Author SHA1 Message Date
jp 5b07b869b0 fix(palace_graph): skip None metadata in build_graph
ChromaDB can return None for drawers without metadata (legacy data,
partial writes — same root cause as upstream #1020 / our PR #1094).
build_graph at line 95 called meta.get("room", "") unconditionally,
which AttributeErrors on None and takes out every consumer of
build_graph for the whole call path: graph_stats, find_tunnels,
traverse, and (most visibly) the daemon's /stats endpoint.

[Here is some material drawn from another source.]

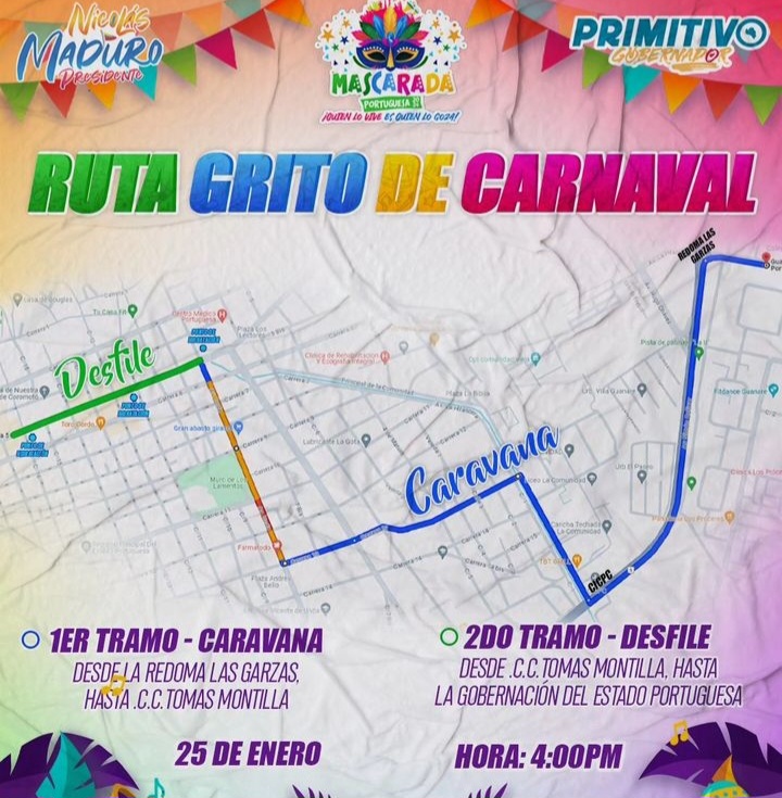 Se pudo conocer que el primer tramo corresponde a la caravana y será desde la Redoma Las Garzas hasta el Centro Cultural Tomás Montilla y el segundo tramo destinado para los desfiles, será desde el Centro Cultural hasta las afueras de la gobernación.

Caught 2026-04-25 by palace-daemon's verify-routes.sh smoke test
against the canonical 151K-drawer palace — /stats was 500-ing on a
single None drawer.

Adds `if meta is None: continue` guard. Closes the same gap upstream's
#999 None-metadata audit closed in searcher.py / mcp_server.py /
miner.status, just in a different file the audit didn't reach. The
graph-build is recoverable: skipping a single None drawer doesn't
distort the graph since build_graph already filters
`room and room != "general" and wing` — a missing-metadata drawer was
never going to participate anyway.

Test: TestBuildGraph::test_none_metadata_does_not_crash mixes a None
entry into a 3-drawer fixture and asserts the two real drawers are
processed normally.

Co-Authored-By: Claude Opus 4.7 (1M context) <noreply@anthropic.com>
2026-04-25 11:06:32 -07:00
Igor Lins e Silva 91a60263e3 Merge pull request #1168 from arnoldwender/fix/security-tunnels-permissions
fix(security): restrict tunnels.json file permissions
2026-04-25 04:21:44 -03:00
Igor Lins e Silva 865a36bc5c feat(graph): namespace topic-tunnel rooms with "topic:" prefix + kind field
Previously a cross-wing topic tunnel for "Angular" stored the room as
"Angular" — colliding with a wing's literal folder-derived "Angular" room
at follow_tunnels/list_tunnels read time, and exposing raw topic strings
(which may contain characters rejected by sanitize_name) to the MCP
surface.

Topic tunnels now store their room as "topic:<original-casing>" and carry
kind="topic" on the stored dict. Explicit tunnels get kind="explicit"
(default). follow_tunnels("wing", "Angular") on a literal Angular room
no longer surfaces topic connections for the same name, and any LLM
scanning list_tunnels has a visible discriminator.
2026-04-24 23:06:26 -03:00
Igor Lins e Silva fe051adc73 feat(graph): cross-wing tunnels by shared topics (#1180)
When two wings have one or more confirmed TOPIC labels in common, the
miner now drops a symmetric tunnel between them at mine time so the
palace graph reflects shared themes (frameworks, vendors, recurring
concepts).

- llm_refine: TOPIC label routes to a dedicated `topics` bucket so the
  signal survives confirmation instead of getting collapsed into
  `uncertain` and dropped.
- entity_detector / project_scanner: bucket plumbed through the
  detection pipeline; `confirm_entities` returns confirmed topics
  alongside people/projects.
- miner.add_to_known_entities: optional `wing` parameter records the
  confirmed topics under `topics_by_wing` in
  `~/.mempalace/known_entities.json`. Wing names do NOT leak into the
  flat known-name set used by drawer-tagging.
- palace_graph: `compute_topic_tunnels` and `topic_tunnels_for_wing`
  create symmetric tunnels via the existing `create_tunnel` API so they
  share dedup and persistence with explicit tunnels.
- miner.mine: post-file-loop pass calls `topic_tunnels_for_wing` for
  the freshly-mined wing. Failures are logged but never abort the mine.
- config: `topic_tunnel_min_count` knob (env
  `MEMPALACE_TOPIC_TUNNEL_MIN_COUNT` or `~/.mempalace/config.json`),
  default 1.

Tests cover topic persistence through init->mine, tunnel creation when
wings share a topic, no tunnel below threshold, cross-wing tunnel
retrieval via `list_tunnels`, dedup on recompute, case-insensitive
overlap, and the end-to-end mine-time wiring.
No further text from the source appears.